• About this task:
No image is to be carried over; reproduce the rest of the listing word for word.

• Data block:
• • • •
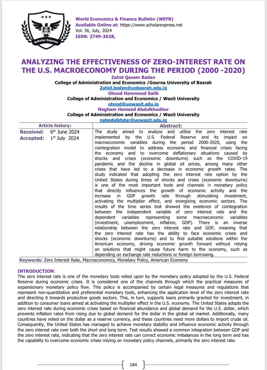 Dr. Zahed Qasim Badhan, Assistant Professor at the College of Administration and Economics – Qurna, University of Basrah, in collaboration with researchers from the University of Wasit, has published a scientific study titled “Analyzing the Effectiveness of the Zero Interest Rate Policy on the U.S. Macroeconomy During the Period (2000–2020)” in the World Economics & Finance Bulletin, in its July 2024 issue.
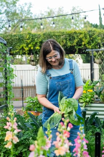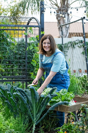 What began as a way to share lessons organically grew alongside her family. Angela never intended to build a business or pursue gardening full-time, but as her children grew older, so did her platform. In 2020, everything expanded at once: writing a book, growing the garden to its current size, filming weekly YouTube videos, and collaborating with Arizona Worm Farm to create a desert-specific Mel’s Mix blend. “The vision itself has stayed consistent,” she explains. “Teaching people how to garden successfully in the desert by focusing on the fundamentals of soil, timing, watering, and sunlight.”
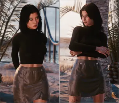 《赛博朋克2077》女朋友装MOD。这个模组为你的游戏添加了女朋友装外观,高领毛衣、裙子。8 种颜色 + 带贴纸的版本。
• • • •
• Exercise solution:
 Dr. Zahed Qasim Badhan, Assistant Professor at the College of Administration and Economics – Qurna, University of Basrah, in collaboration with researchers from the University of Wasit, has published a scientific study titled “Analyzing the Effectiveness of the Zero Interest Rate Policy on the U.S. Macroeconomy During the Period (2000–2020)” in the World Economics & Finance Bulletin, in its July 2024 issue.
 What began as a way to share lessons organically grew alongside her family. Angela never intended to build a business or pursue gardening full-time, but as her children grew older, so did her platform. In 2020, everything expanded at once: writing a book, growing the garden to its current size, filming weekly YouTube videos, and collaborating with Arizona Worm Farm to create a desert-specific Mel’s Mix blend. “The vision itself has stayed consistent,” she explains. “Teaching people how to garden successfully in the desert by focusing on the fundamentals of soil, timing, watering, and sunlight.”
 《赛博朋克2077》女朋友装MOD。这个模组为你的游戏添加了女朋友装外观,高领毛衣、裙子。8 种颜色 + 带贴纸的版本。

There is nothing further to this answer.